The available classes are:
- acq: Acquisition / Purchase operations
- finance: Generic financial news
- fuel: News about fuel and energy sources
- jobs: News about jobs, employment rates, etc.
- livestock: News about animales and livestock
- mineral: News about mineral as copper, gold, silver, coal, etc.

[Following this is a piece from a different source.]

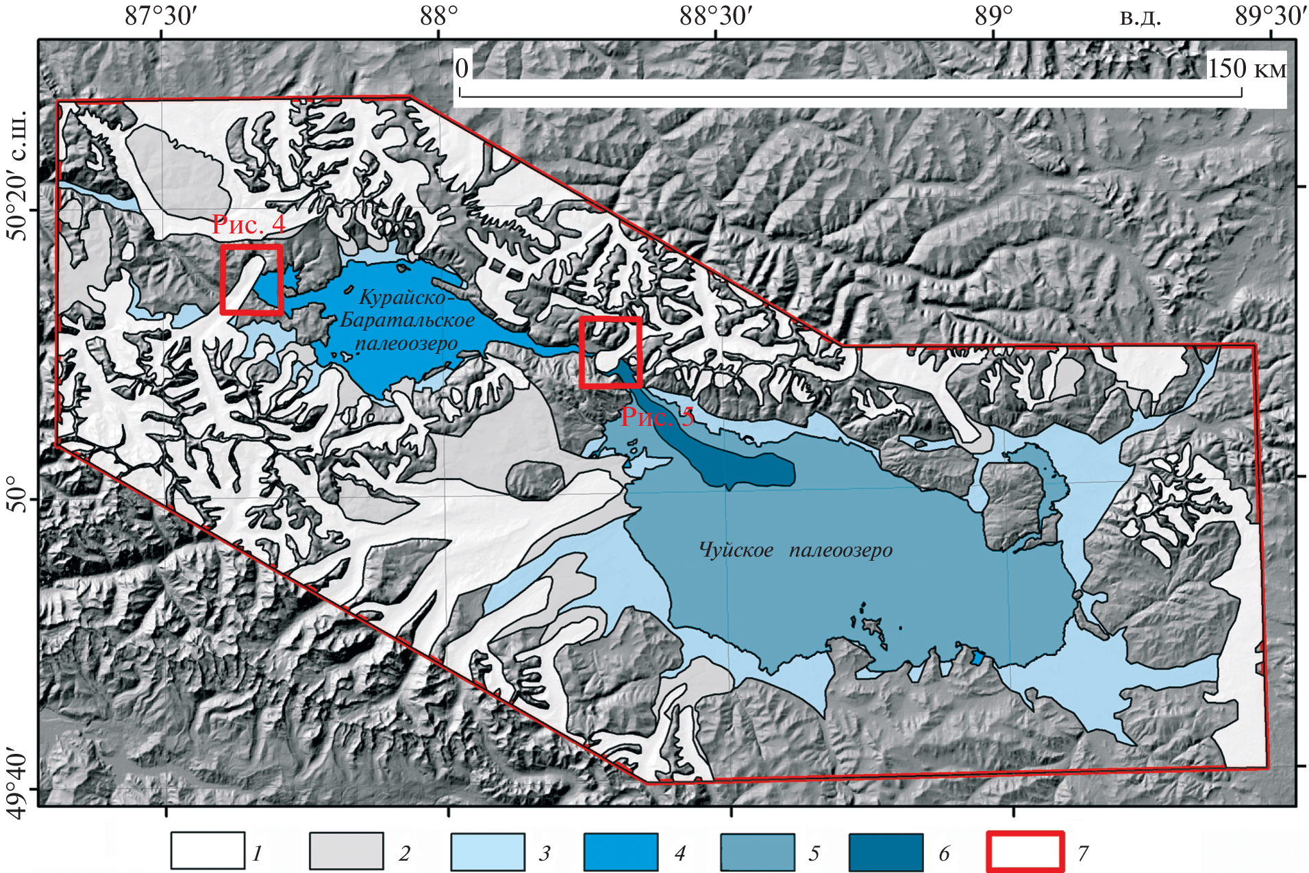 The palaeogeographic scheme of the distribution of glaciers and ice-dammed lakes in the Altai during the last global glaciation (MIS-2) was compiled based on a detailed large-scale geomorphological survey. Analysis of geomorphological traces of glaciers of this time indicates that they occupied smaller areas than those of the first Late Pleistocene glaciation. By this means, the ice dams created by them were smaller that resulted in small sizes of ice-dammed lakes. The preserved levels of terraces indicate that during the first Late Pleistocene glaciation in the Kurai-Chuya depression system the ancient lake was the only one with a level of 2250 m and a total volume of 1.70 km3. During the second Late Pleistocene glaciation in the south-east Gorny Altai, another separate lake existed which was the Bartal-Kurai Lake with a level of 1700 m and a volume of 45 km3. This lake was dammed by the Mashey Glacier, which descended from the northern slopes of the North Chuaya Range. In the Chuya Depression, the existence of a landslide-dammed lake with a volume of 0.7 km3 and a level 1.750 m has been found. Its formation was not associated with glaciers of the MIS-2 stage. Direct dating of the last ice-dammed lake in the Chuya Depression with a level of 1950 m and a volume of 140 km3 has not yet been determined. This lake was dammed by the Kuehtanar Glacier, which descended from the southern slope of the Kurai ridge. The volume of ice-dammed waters of the MIS-2 time was an order of magnitude smaller than it was in the first Late Quaternary glaciation. This explains the much lower intensity of erosive and accumulative processes associated with the mega-flood occurred due to the breakthrough of the lakes during MIS-2.
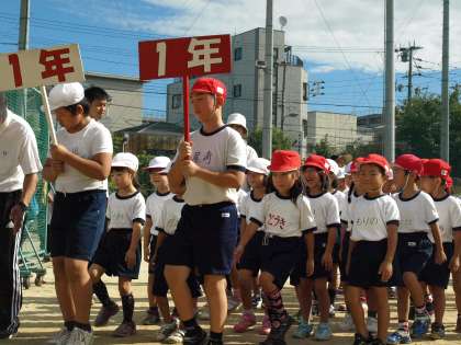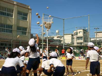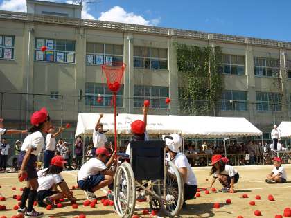 赤勝て。白勝て。どちらの籠にたくさん球が入ったでしょうか。勝負の後は、元のように片付けます。

- plant: News about greens, plants, cereals, etc
- trade: Trading news
Predicted Entities
acq
, finance
, fuel
, jobs
, livestock
, mineral
, plant
, trade
How to use
documentAssembler = nlp.DocumentAssembler() \
.setInputCol("text") \
.setOutputCol("document") \
.setCleanupMode("shrink")
embeddings = nlp.UniversalSentenceEncoder.pretrained() \
.setInputCols("document") \
.setOutputCol("embeddings")
docClassifier = nlp.MultiClassifierDLModel.pretrained("finmulticlf_news", "en","finance/models")\
.setInputCols("embeddings") \
.setOutputCol("category")
pipeline = nlp.Pipeline() \
.setStages(
[
documentAssembler,
embeddings,
docClassifier
]
)
empty_data = spark.createDataFrame([[""]]).toDF("text")
pipelineModel = pipeline.fit(empty_data)
text = ["""
ECUADOR HAS TRADE SURPLUS IN FIRST FOUR MONTHS Ecuador posted a trade surplus of 10.6 mln dlrs in the first four months of 1987 compared with a surplus of 271.7 mln in the same period in 1986, the central bank of Ecuador said in its latest monthly report. Ecuador suspended sales of crude oil, its principal export product, in March after an earthquake destroyed part of its oil-producing infrastructure. Exports in the first four months of 1987 were around 639 mln dlrs and imports 628.3 mln, compared with 771 mln and 500 mln respectively in the same period last year. Exports of crude and products in the first four months were around 256.1 mln dlrs, compared with 403.3 mln in the same period in 1986. The central bank said that between January and May Ecuador sold 16.1 mln barrels of crude and 2.3 mln barrels of products, compared with 32 mln and 2.7 mln respectively in the same period last year. Ecuador's international reserves at the end of May were around 120.9 mln dlrs, compared with 118.6 mln at the end of April and 141.3 mln at the end of May 1986, the central bank said. gold reserves were 165.7 mln dlrs at the end of May compared with 124.3 mln at the end of April.
"""]
lmodel = LightPipeline(pipelineModel)
results = lmodel.annotate(text)
Results
['finance', 'trade']
Model Information
Model Name: | finmulticlf_news |
Compatibility: | Finance NLP 1.0.0+ |
License: | Licensed |
Edition: | Official |
Input Labels: | [embeddings] |
Output Labels: | [category] |
Language: | en |
Size: | 12.9 MB |
References
News scrapped from the Internet and manual in-house annotations
Benchmarking
label precision recall f1-score support
acq 0.94 0.92 0.93 718
finance 0.95 0.96 0.96 1499
fuel 0.91 0.86 0.88 286
jobs 0.86 0.57 0.69 21
livestock 0.93 0.44 0.60 57
mineral 0.87 0.62 0.72 121
plant 0.89 0.88 0.89 301
trade 0.79 0.72 0.75 113
micro-avg 0.93 0.90 0.92 3116
macro-avg 0.89 0.75 0.80 3116
weighted-avg 0.93 0.90 0.91 3116
samples-avg 0.91 0.91 0.91 3116